The collaboration worked so well that the group went on to play at the 2009 Penny Arcade Expo alongside acts like Jonathan Coulton and MC Frontalot. “PAX was just kind of a monster,” Henry says. “I mean, it was just huge in scale, and being on a stage that big and in front of so many people, it was the kind of thing where it’s epic, but at the same time there isn’t as much of a personal connection with the audience compared to something like MAGFest, where you’re right in people’s faces. They were both pretty grand for completely different reasons.”

And in yet another milestone, the band recently released Varia Suite, a full album of Metroid Metal music with better production and more lively performances than Henry’s solo work. You can stream all 14 tracks for free or download the full album for $8.

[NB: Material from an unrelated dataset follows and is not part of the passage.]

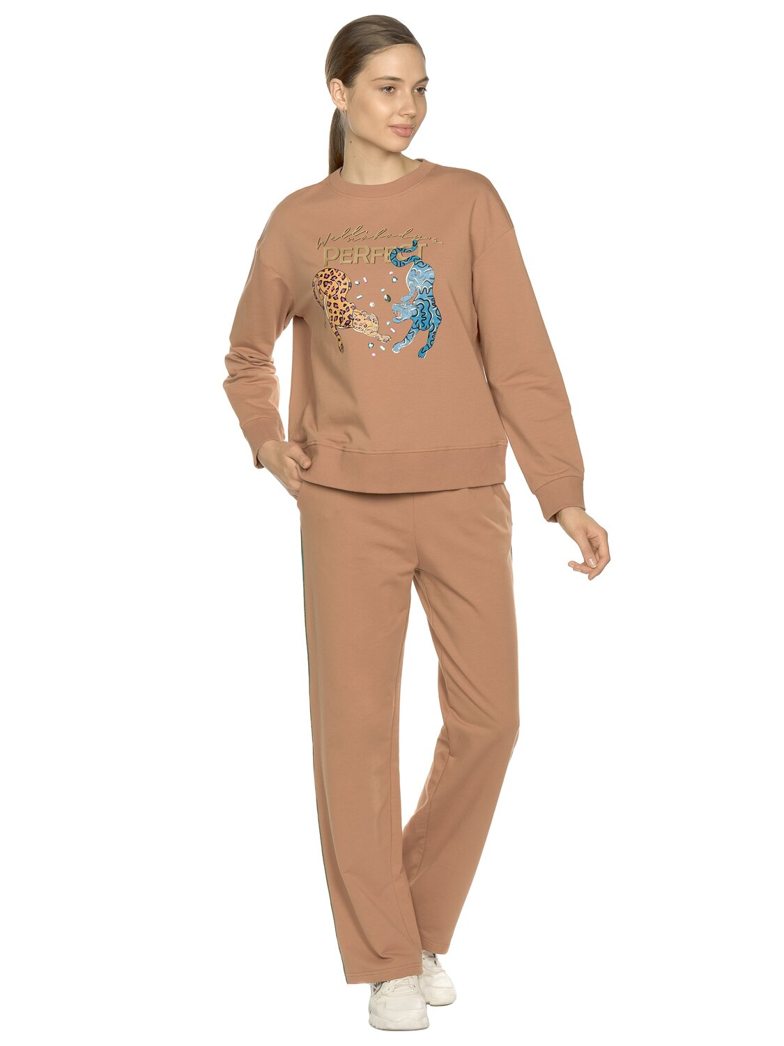 Комплект женский свитшот и брюки. Свободный расслабленный объем. Укорочённый свитшот со стильными широкими манжетами из рибаны. Суперстойкий центральный моно принт с добавлением золота и цветных термостраз. Шрифтовой rubber принт выполнен золотым металликом. Перевод Что ж, никто не совершенен. Прямые свободные брюки с контрастными трикотажными лампасами с люрексом. Карманы в боковых швах.

Fans of Henry’s music have plenty more to look forward to in 2010. “I just recently got invited to do some work for an upcoming game soundtrack, an indie soundtrack,” Henry says. “Something small, nothing huge, but something that I’ve thought about doing for a while.” Decidedly less small was the news that Metroid Metal will be playing at the inaugural PAX East in Boston this March, fresh on the heels of their performance at MAGFest 8 last weekend. And with their live shows getting more frequent, fans are only getting hungrier for more. “I’m getting all kinds of weird requests for like certain bosses from Metroid Prime 3,” he says, “and I don’t even remember some of that music.” Ah, well. Beats hearing “Freebird!”